Yudis hanya melihat ayahnya yang kebingungan mencari Lia di ujung seberang sungai. Ayahnya berkali-kali berhenti untuk menarik napas sambil melepaskan tatapan tajamnya ke seluruh sungai tetapi tak ditemukannya. Yudis semakin takut ketika ayahnya terlihat kehabisan napas hingga timbul tenggelam di seberang sungai.

“Bapak…” Yudis berteriak ketika ayahnya sudah tidak muncul lagi.

Para warga mencari Mulyono dan Lia sampai beberapa hari kemudian, tetapi nihil.

***

Pada tahun 1983, Yudis setiap pulang kerja dari pasar Kertosono menyempatkan diri untuk berkunjung ke toko Lik Lah untuk meminta Lik Kabul melamarkan Sulis.

“Bagiamana kabar ibumu, Yud?” tanya Lik Kabul.

“Alhamdulillah sehat.”

Yudis masih sering ke toko Lik Lah.  Hatinya masih berharap Mulyono dan Amelia datang menemuinya di toko Lik Lah.

“Kamu mungkin tidak bisa menemuiku di toko ini lagi karena kami akan menjualnya.”

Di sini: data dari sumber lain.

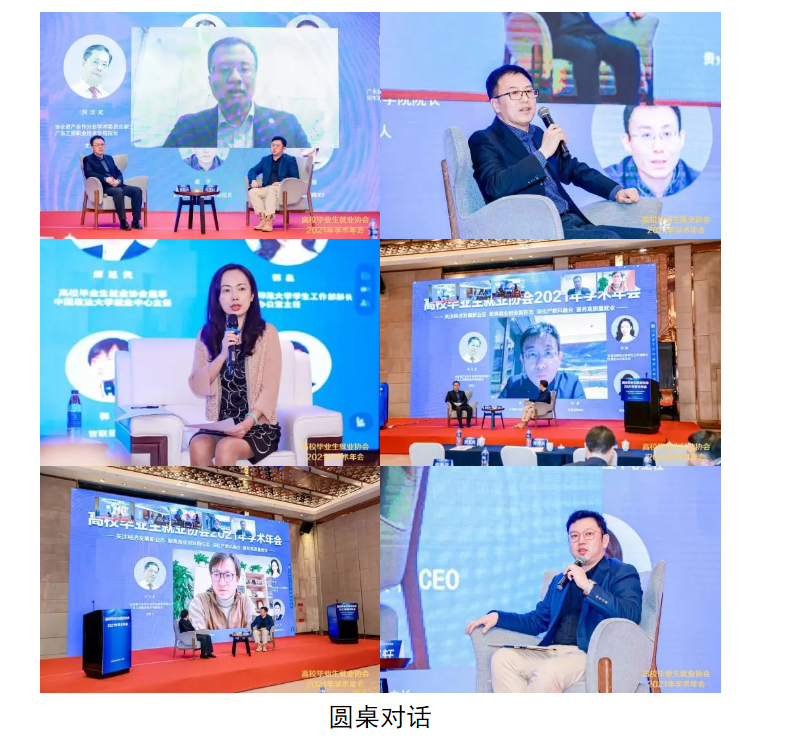 上述报告结束后,围绕高校毕业生就业工作的典型经验,上海交通大学就业中心主任顾希垚,中国政法大学就业中心主任解廷民,广东技术师范大学学工部部长、招生就业办公室主任郭磊,贵州盛华职业学院副校长盛华,智联招聘CEO郭盛,荣耀校招负责人冯正轩进行了圆桌对话与交流。
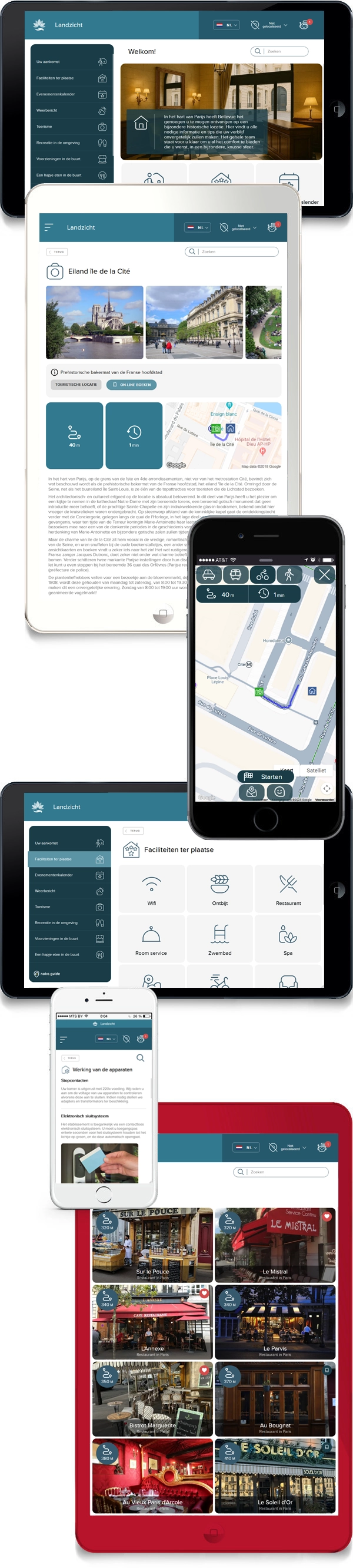 Het digitaal welkomstboekje notre.guide kan op ieder apparaat geraadpleegd worden; computer, tablet of smartphone. De interface is universeel, en vormt een samenhangend geheel op elke drager. Daarbij blijft de informatie zelfs offline toegankelijk, om onderbrekingen te voorkomen in zones met slechte dekking, of om hoge roamingkosten te voorkomen voor buitenlandse mobiele abonnementen. De dynamische weergave, programmeerbaar op groot een groot scherm, en het beheer van zuilen en eindstations maakt het mogelijk om informatie vanuit een centraal punt op andere dragers te verspreiden. Iedere zuil kan apart beheerd worden op de Administrator-account, en anders ingesteld, of op afstand gereset worden. Mocht het etablissement over een bar of restaurant beschikken, is het ook mogelijk om direct toegang te geven tot de restaurantmenu's, met behulp van een specifieke QR-code.
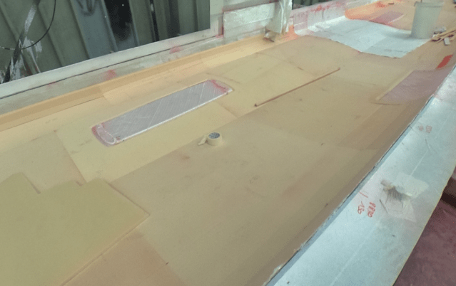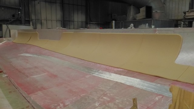 The typical method of resin infused layup with foam core uses sheets of foam with narrow grooves cut into them in a cross hatch, creating 1 cm squares over the entire sheet. This allows the foam to conform to the curves of the hull surface and maintain an even core thickness. When the resin is pumped into the molds under vacuum during the infusion process, all of these little grooves act to channel the resin so it flows evenly over the entire surface, but they also remain filled with resin, and over a large area this constitutes a significant amount of weight that has no structural benefit.

Hati Yudis terkejut mendengar ucapan pamannya. Ia khawatir akan kehilangan harapan bertemu Lia dan Ayahnya.

“Mengapa Pak Lik menjualnya?”

“Aku sudah renta, sudah tidak ada yang membantuku berjualan di toko ini.”

Semenjak Lik Lah meninggal, Lik Kabul telah kehilangan semangat bekerja di toko.

Catatan:

1Menyeberang sungai dengan perahu yang diikat dengan tambang dari tanggul satu ke tanggul lainnya.
2Keranjang dari dambu yang diletakan pada boncengan
3Pelabuhan perahu yang digunakan untuk nambang.